Aqui, nesta fábrica da ilusão, o prenúncio de temperaturas raras e profundamente incomodativas também se fez sentir, porque o calor não só dilata os corpos, como preocupa as mentes. As meninas, estas operárias do prazer, deitaram-se mais amiúde aos banhos, como se a transpiração fosse consequência, também, daquilo que se imagina. Reforçou-se o stock de águas e de gelo, escreveram-se normas de execução permanente relativamente à higiene de uma actividade deste género, fizeram-se recomendações várias e precisas. De dentro do seu gabinete, numa labuta avaliadora dos potenciais efeitos da vaga de calor no negócio da Casa, a Dr.ª Clara gritou, num exercício de autoridade e previdência que não deixava margem para dúvidas:
- Amália! Chame-me a empresa do ar condicionado para uma revisão urgente da instalação.
O dia seguinte amanheceu quente, não augurando frescura pela tarde. Talvez já fosse a tal vaga a invadir o país, secando fontes e enchendo praias. A revisão dos aparelhos começou de manhã cedo, desalojando as meninas que se agitavam num frenesim enervado. A Dr.ª Clara distribuía ordens para a esquerda e para a direita, retirando-me do sossego da recepção e obrigando-me a coxear numa maratona dolorosa.

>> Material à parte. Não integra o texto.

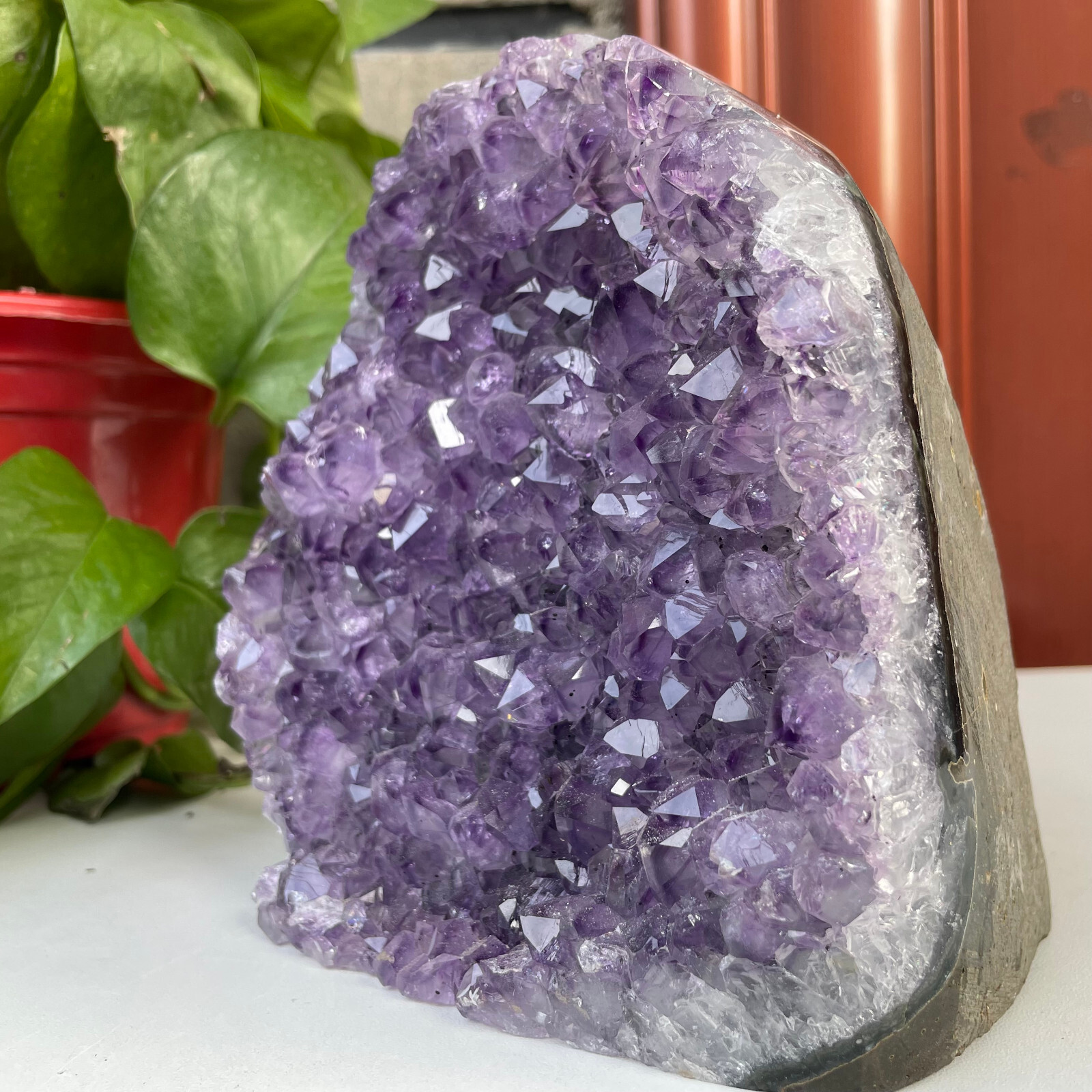 I just received a beautiful amethyst, identical to the photo for a good price. Well packaged for transport In addition, the delivery was very fast. very responsive seller. I can only recommend, despite the weight which was much lower than the one announced, almost 150 g less but the size was identical to the description. I will not hesitate to do business with you again. I recommend this seller +++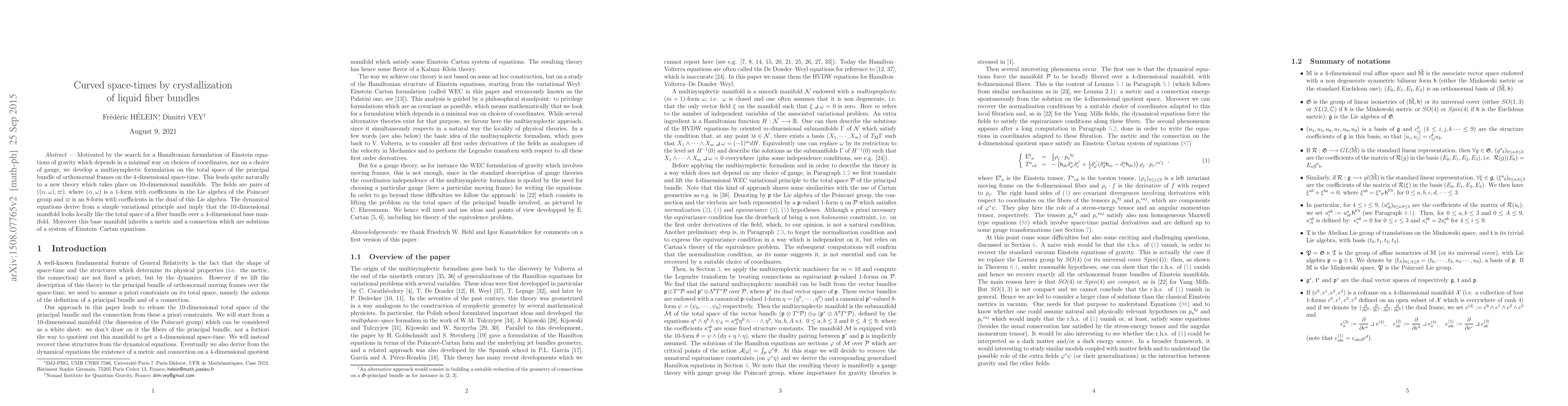 Motivated by the search for a Hamiltonian formulation of Einstein equations of gravity which depends in a minimal way on choices of coordinates, nor on a choice of gauge, we develop a multisymplectic formulation on the total space of the principal bundle of orthonormal frames on the 4-dimensional space-time. This leads quite naturally to a new theory which takes place on 10-dimensional manifolds. The fields are pairs of $((\alpha,\omega),\varpi)$, where $(\alpha,\omega)$ is a 1-form with coefficients in the Lie algebra of the Poincar\'e group and $\varpi$ is an 8-form with coefficients in the dual of this Lie algebra. The dynamical equations derive from a simple variational principle and imply that the 10-dimensional manifold looks locally like the total space of a fiber bundle over a 4-dimensional base manifold. Moreover this base manifold inherits a metric and a connection which are solutions of a system of Einstein--Cartan equations.

Quando cheguei ao fim do dia, exausta da cabeça e do corpo, olhei para a rua onde estava a carrinha da empresa de manutenção. Não consegui deixar de sorrir perante o anúncio que enfeitava a lateral da viatura. Numa associação mental excepcionalmente rápida para o cansaço em que me encontrava, fui à procura do técnico. Vi então um homem novo, invulgarmente bonito, com um corpo que faria inveja a qualquer atleta, e um cabelo impecavelmente penteado para o lado. Sorriu-me e despediu-se, estendendo-me uma mão forte, mas bem tratada. Olhei para o corredor que dava acesso aos quartos e tenho a certeza de ter visto algumas raparigas com um ar particularmente bem-disposto. Riam, cochichavam, empurravam-se umas às outras. Talvez fosse do calor, não sei.
Lá fora, a carrinha desaparecia numa curva, revelando, ainda, uma frase no mínimo curiosa – ou elucidativa.
Na ar condicionado Baptista, cada técnico é um artista
Cumpriu-se mais um dia.
MTS
1 comentário:
EHe, lá MTS! Essa dos sorriso das meninas é forte. Repare no plural. O Baptista deveria ser mesmo um artista. Vivó calor.